I have came across a weird experience in C programming. Consider this code:
int main(){
int array1[6] = {0, 1, 2, 3, 4, 5};
int array2[6] = {6, 7, 8, 9, 10, 11};
printf("%d\n", array1[-1]);
return 0;
}
When I compile and run this, I don't get any errors or warnings. As my lecturer said, the array index -1 accesses another variable. I'm still confused, why on earth does a programming language have this capability? I mean, why allow negative array indices?
The array indexing operation a[i] gains its meaning from the following features of C
The syntax a[i] is equivalent to *(a + i). Thus it is valid to say 5[a] to get at the 5th element of a.
Pointer-arithmetic says that given a pointer p and an integer i, p + i the pointer p advanced by i * sizeof(*p) bytes
The name of an array a very quickly devolves to a pointer to the 0th element of a
In effect, array-indexing is a special case of pointer-indexing. Since a pointer can point to any place inside an array, any arbitrary expression that looks like p[-1] is not wrong by examination, and so compilers don't (can't) consider all such expressions as errors.
Your example a[-1] where a is actually the name of an array is actually invalid.

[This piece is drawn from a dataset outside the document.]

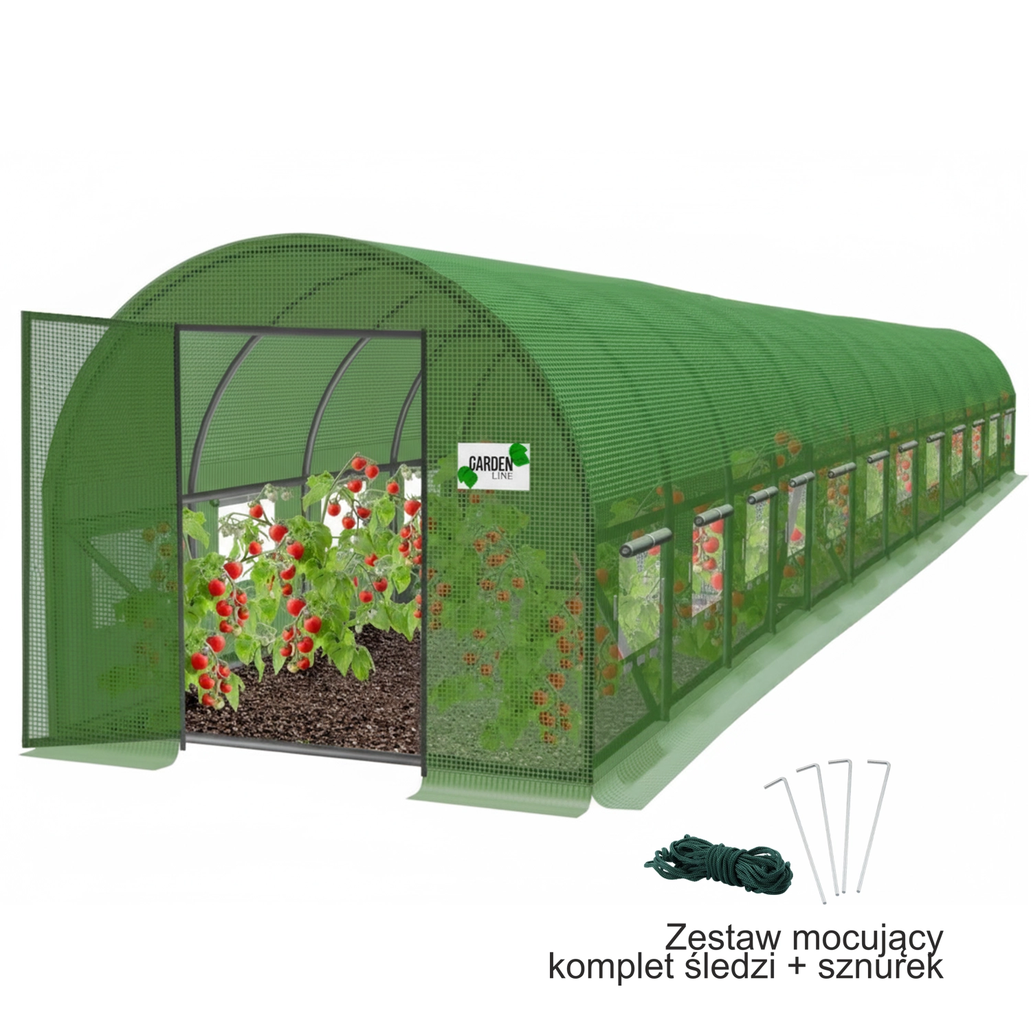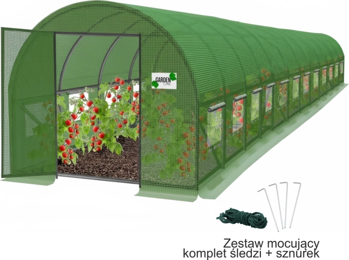 Wytrzymała, ocynkowana rama z rur o średnicy Ø 25 mm (grubość 0,65 mm) z fartuchem ziemnym oraz kołkami w zestawie gwarantuje stabilność. 24 okna wentylacyjne z moskitierą umożliwiają regulację przepływu powietrza, ograniczenie wilgoci i ochronę przed owadami. Dodatkowe górne poprzeczki ułatwiają prowadzenie roślin pnących (pomidory, ogórki, groszek).

IIRC, it is undefined if there's a meaningful pointer value as the result of the expression a - 1 where a is know to be a pointer to the 0th element of an array. So, a clever compiler could detect this and flag it as an error. Other compilers can still be compliant while allowing you to shoot yourself in the foot by giving you a pointer to a random stack slot.
The computer science answer is:
In C, the [] operator is defined on pointers, not arrays. In particular, it's defined in terms of pointer arithmetic and pointer dereference.
In C, a pointer is abstractly a tuple (start, length, offset) with the condition that 0 <= offset <= length. Pointer arithmetic is essentially lifted arithmetic on the offset, with the caveat that if the result of the operation violates the pointer condition, it is an undefined value. De-referencing a pointer adds an additional constraint that offset < length.
C has a notion of undefined behaviour which allows a compiler to concretely represent that tuple as a single number, and not have to detect any violations of the pointer condition. Any program that satisfies the abstract semantics will be safe with the concrete (lossy) semantics. Anything that violates the abstract semantics can be, without comment, accepted by the compiler and it can do anything it wants to do with it.
Arrays are simply laid out as contiguous chunks of memory. An array access such as a[i] is converted to an access to memory location addressOf(a)+i. This the code a[-1] is perfectly understandable, it simply refers to the address one before the start of the array.
This may seem crazy, but there are many reasons why this is allowed:
a[-1] is valid. For instance, if I know that a is not actually the start of the array, but a pointer into the middle of the array, then a[-1] simply gets the element of the array that is to the left of the pointer.
a[-1] makes perfect sense for some cases of a, in this particular case it is plain illegal (but not caught by the compiler)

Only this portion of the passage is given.